Short answer: There is no “typical reaction.”
Longer answer: Children may respond in many different ways to their parent’s divorce. Some children may feel relief following their parents’ divorce as there may be less day to day conflict. Other children may struggle more and show impaired functioning at home, school or in peer interactions.
What type of emotional response is possible?
As I mentioned previously, children may respond in many different ways to their parent’s divorce. I provided a list of some possible responses that you may see. Please remember that you may see none of these responses. It is incredibly unlikely that you would see all of the possible responses listed below. You will likely see a few of the responses listed.
It is important to acknowledge and validate whatever response to the divorce that the child is experiencing.
- Irritability or behavioral concerns
- Sadness, depressed mood, crying
- Physical Complaints (headaches, stomachaches, etc)
- Change in eating habits
- Sleep disturbance
- School Difficulties
- Regression (sleep, toilet training, return to security items, thumb sucking)

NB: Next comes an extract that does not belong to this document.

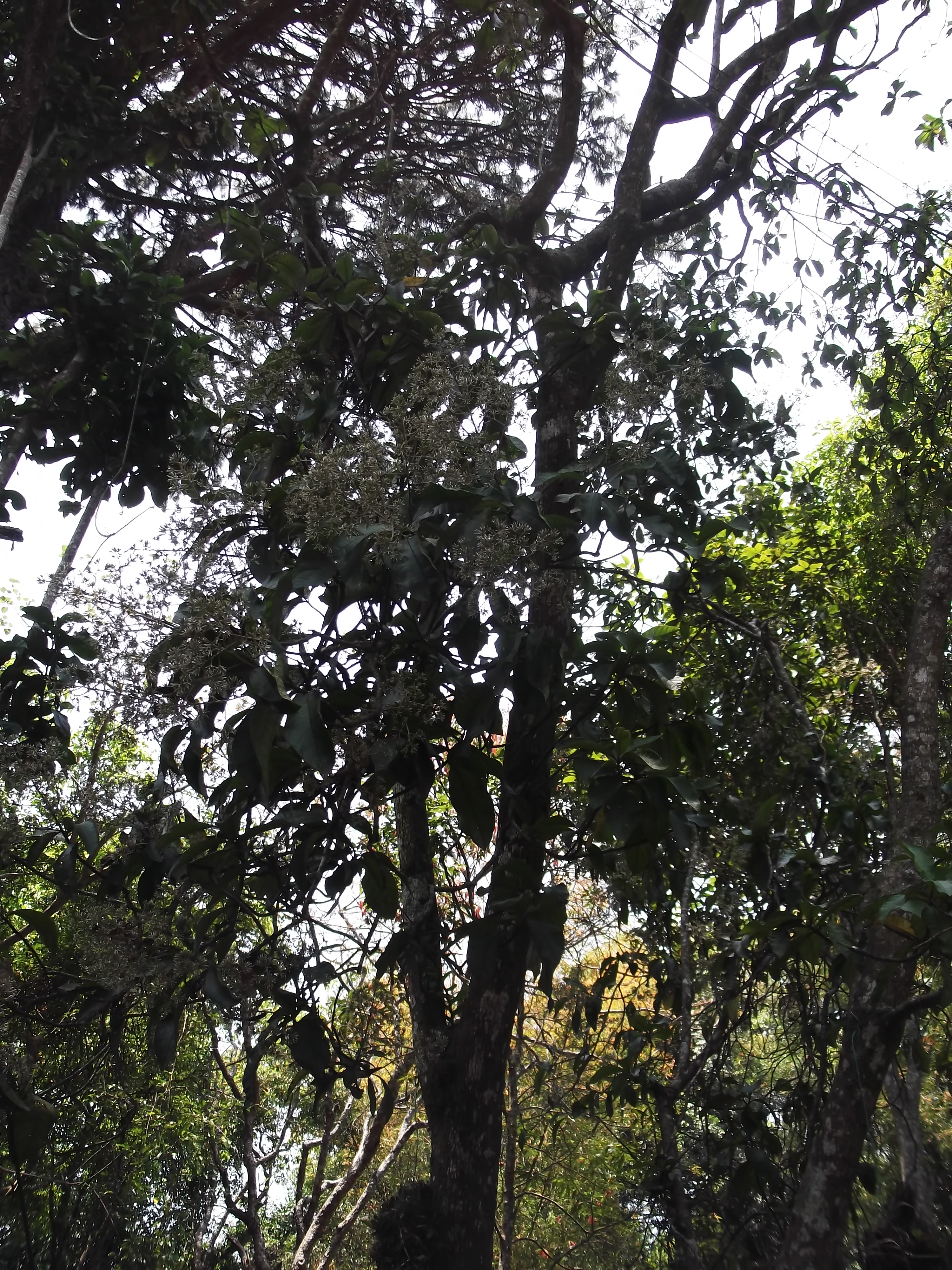 Asteraceae-endangered tree,very rare,flowers purple,fragrants.
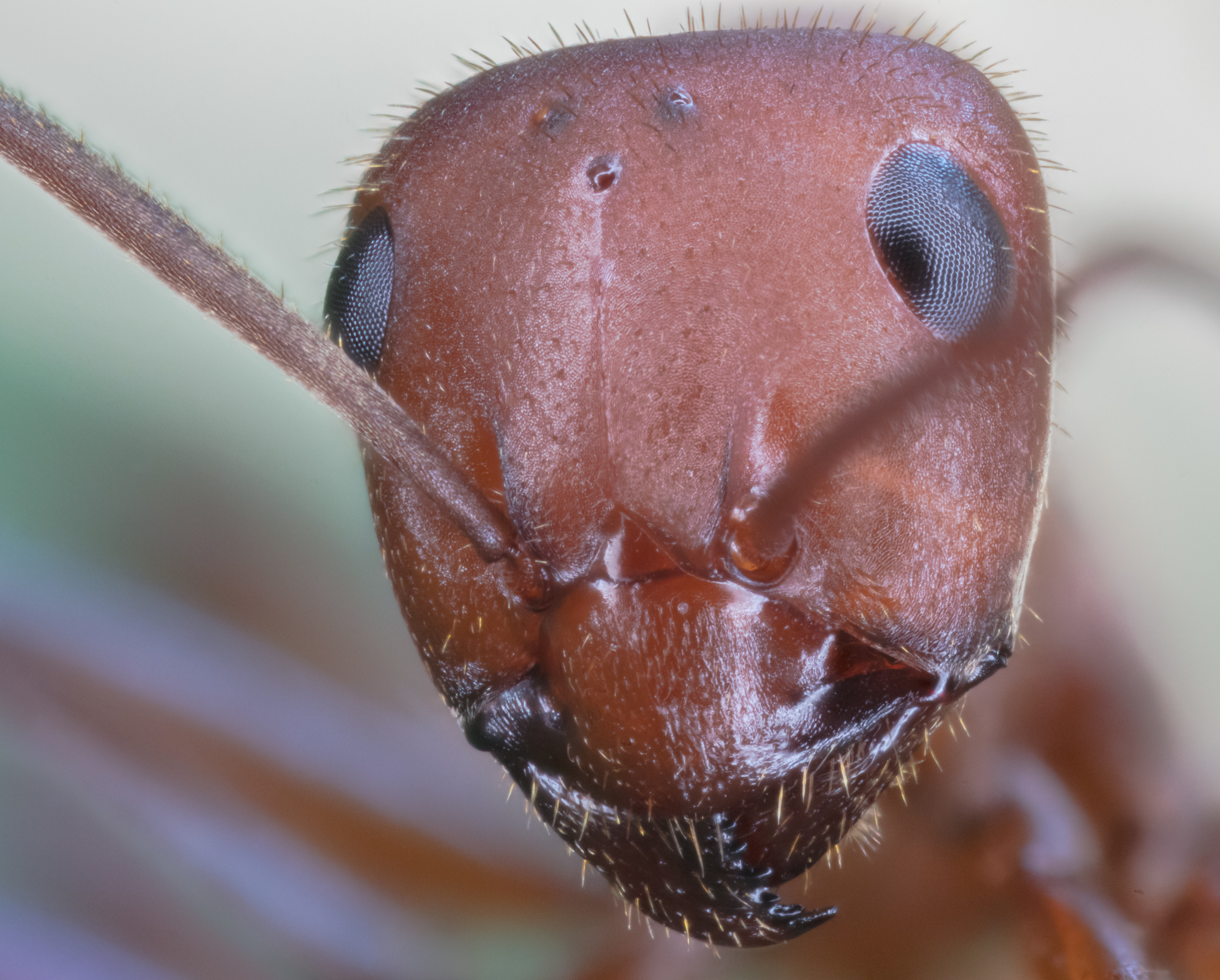 Red wood ant (Formica rufa), Hartelholz, Munich, Germany

- Difficulty separating from parents
How can I help my children cope with their response to the divorce?
- Coping strategies are not one size fits all. Help your child identify coping strategies that are effective for them. Check out my previous Effective Coping Strategies for Children and Teens post for a list of coping strategies that may work well for your child.
- Help children practice coping strategies when they are not experiencing stress and also support the child in using coping strategies in the moment. If a child is using unhealthy coping strategies, redirect them.
- Encourage your child build a support system of other trusted adults they can talk to about their responses to the divorce. Sometimes it is difficult for children to share their feelings about the divorce with their parents because they don’t want to hurt them. Other ideas for building a support system include:
- Helping your child identify trusted family members and friends to talk to
- Finding a peer support group in the community or at school
- Considering the possibility of having your child work with an individual or family therapist
- Model use of healthy coping strategies yourself.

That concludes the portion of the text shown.